Что же в действительности произошло в 1917 году? 16 страница



Но в то же время Солоухин совершенно напрасно привлек к делу «чоновцев» (которые к тому же якобы являлись «латышскими стрелками»), да еще и многозначительно заметил, что-де о вооруженных пулеметами спецотрядах в Чапаевской дивизии «стало известно» только теперь. Увы, Пушкин был глубоко прав в своей национальной самокритике, сказав, что «мы ленивы и нелюбопытны». Не теперь, а еще в 1960-х, три десятка лет назад, ветераны знаменитой дивизии издали массовым тиражом солидную книгу «Легендарная Чапаевская», к которой, в частности, приложены сведения о служивших в этой дивизии «интернационалистах». Вот начало их перечня: «Августин Ян — поляк, род. в 1887 г. в г. Гдовицы, волости Поремба. Красноармеец. Адамов Ранко — серб, род. в 1888 г. в Банах (Сербия). Красноармеец и ружейный мастер. Балаш Этваш — венгр, род. в. 1890 г. Командир отделения и помощник завед. оружием полка. Блаунштейн Роберт — немец. Красноармеец. Бухстад Антон — австриец, род. в 1889 г. Красноармеец. Варга Павел — венгр, род. в 1892 г. Пулеметчик» и т. д.

Всего в этом списке «интернационалистов» одной только дивизии — кстати, неполном, — 204 подобных имени и, между прочим, о каждом шестом из них сообщено, что он — «пулеметчик» или даже «командир пулеметного отделения» либо «взвода», или «заведующий оружием полка», что, конечно, весьма показательно.[269]

Итак, из вышеизложенного, полагаю, ясно, сколь значительна была роль «иностранцев» в России 1917–1922 годов. Существовал своего рода единый «инородный» стержень, пронизывающий власть (в самом широком смысле этого слова) сверху донизу — от членов ЦК до командиров пулеметных отделений. И решусь утверждать, что без этого «компонента» большевики и не смогли бы победить, не сумели бы прочно утвердить свою власть.

Такая постановка вопроса, конечно же, вызовет у многих и недоумение, и гнев: что ж, выходит, судьба России не могла быть решена без «иностранного» участия? Неужели русские сами, без «чужаков», не могли преодолеть охватившие страну всеобщую смуту и междоусобие?
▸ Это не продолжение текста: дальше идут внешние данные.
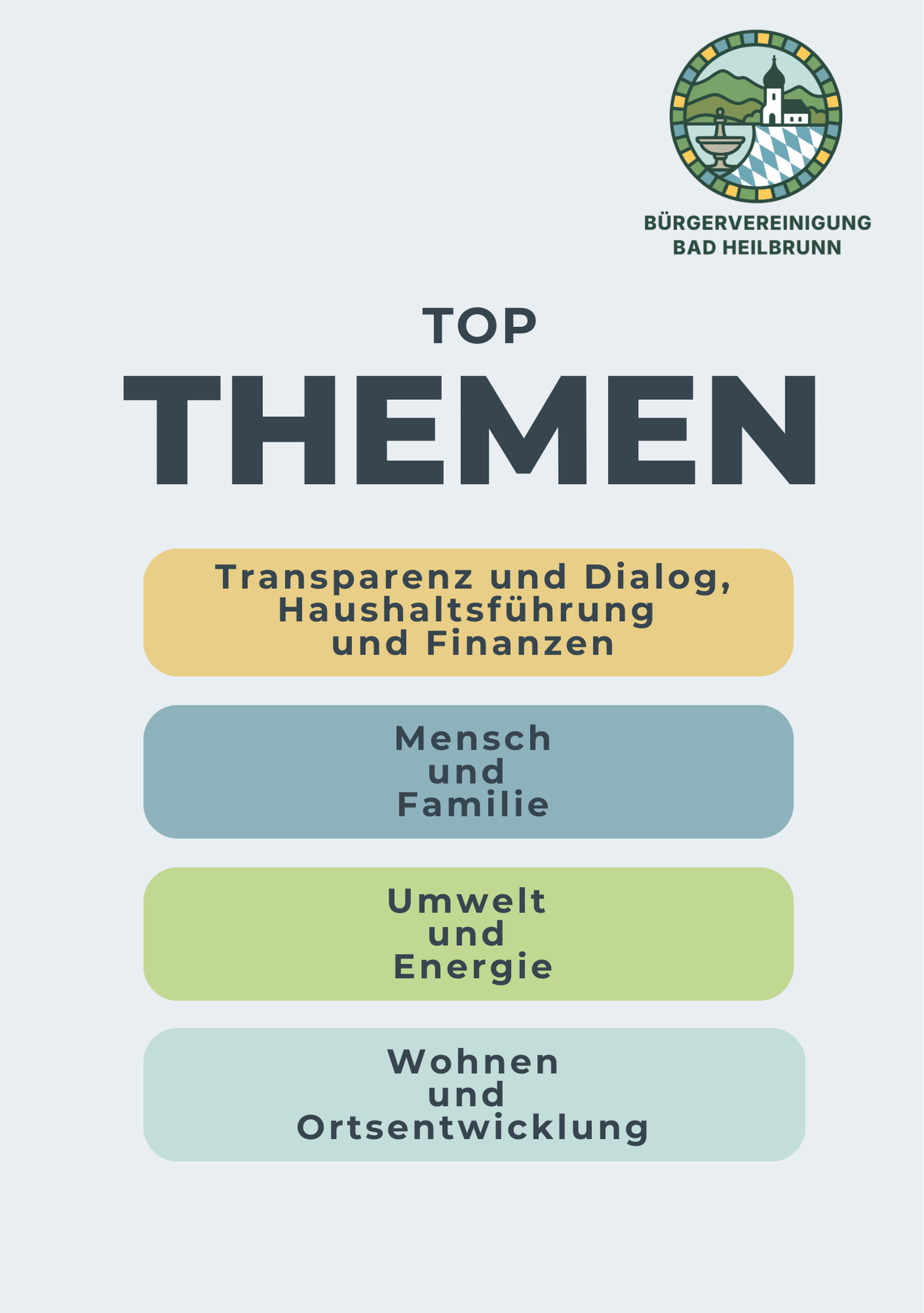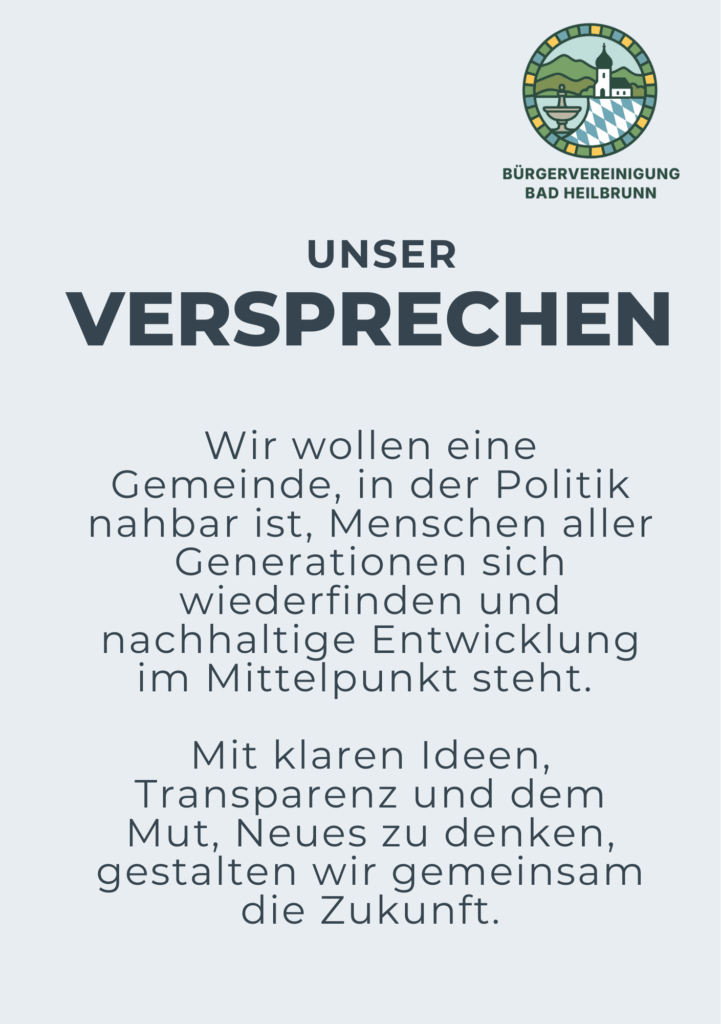 Mit unseren Kandidatinnen und Kandidaten für das Bürgermeisteramt und den Gemeinderat möchten wir zeigen, wie Gemeindepolitik aussehen kann, wenn sie nahbar, offen und zukunftsorientiert ist. Für ein Bad Heilbrunn, das sich entwickelt, ohne sich zu verlieren – mutig und modern – aber mit Maß, Herz und Verstand.

Но обращение к мировой истории убеждает, что в подобных ситуациях роль «чужаков» закономерна или даже необходима. Так, в 1640-х годах в Великобритании разразилась революция, которая надолго ввергла страну в хаос и тяжкие кровавые конфликты. И порядок восстановился лишь после того, как голландский принц Вильгельм был приглашен основными политическими силами страны в качестве короля и, придя со своим — иностранным(!) — войском, правил Великобританией почти полтора десятилетия до своей кончины.
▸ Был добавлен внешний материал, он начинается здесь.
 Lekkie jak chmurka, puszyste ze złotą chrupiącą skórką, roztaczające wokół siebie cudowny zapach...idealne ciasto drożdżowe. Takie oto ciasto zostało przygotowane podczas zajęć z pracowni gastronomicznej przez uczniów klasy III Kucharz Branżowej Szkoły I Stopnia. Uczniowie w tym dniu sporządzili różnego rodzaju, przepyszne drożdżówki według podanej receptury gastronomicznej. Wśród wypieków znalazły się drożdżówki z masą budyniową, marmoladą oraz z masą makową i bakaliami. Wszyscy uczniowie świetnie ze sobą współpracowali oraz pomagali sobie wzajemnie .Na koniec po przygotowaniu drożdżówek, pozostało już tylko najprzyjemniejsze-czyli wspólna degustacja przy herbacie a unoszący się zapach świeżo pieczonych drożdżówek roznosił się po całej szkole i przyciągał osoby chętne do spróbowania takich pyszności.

И другой — гораздо более широко известный, но в то же время крайне редко осмысляемый — исторический факт. Великая французская революция погрузила страну в состояние войны всех против всех; даже ближайшие единомышленники предались настоящему самопожиранию. И Бонапарт, который в той или иной степени установил прочную власть, был, в сущности, настоящим иностранцем. Среди миллионов французских мужчин такого не нашлось, и во Франции вообще-то не любят упоминаний о национальности наиболее чтимого героя страны. А ведь он был итальянцем, вернее, корсиканцем (то есть представителем определенной «ветви» итальянского народа, говорящей на особенном диалекте). Правда, за год до его появления на свет его родная Корсика была присоединена к Франции, и позднее его отец, честолюбивый корсиканский дворянин, отправил десятилетнего сына учиться во Францию в военное учебное заведение, где мальчик для начала должен был овладеть французским языком.

Тем не менее будущий император Франции, как неопровержимо свидетельствуют его сохранившиеся юношеские дневники и сочинения, долго оставался горячим патриотом своей Корсики (он, в частности, в двадцатилетнем возрасте составил «Историю Корсики»). Когда во Франции началась революция, Наполеон стал ее сторонником, — очевидно, потому, что она должна была дать свободу его родине.

Военная карьера Наполеона началась вовсе не во Франции, а на Корсике, где в 1791–1792 годах была провозглашена независимость, и главой государства стал начальник национальной гвардии генерал Паоли. Молодой Наполеон добился — с немалыми усилиями — поста начальника батальона корсиканской гвардии. Однако в силу сложившихся обстоятельств (о которых не расскажешь коротко) в 1793 году Наполеон вступил в острый конфликт с Паоли и вынужден был вместе с семьей бежать во Францию, притом по приказу Паоли был даже сожжен его родной дом. Таким образом, Наполеон, по существу, оказался эмигрантом и решил делать карьеру на чужой земле.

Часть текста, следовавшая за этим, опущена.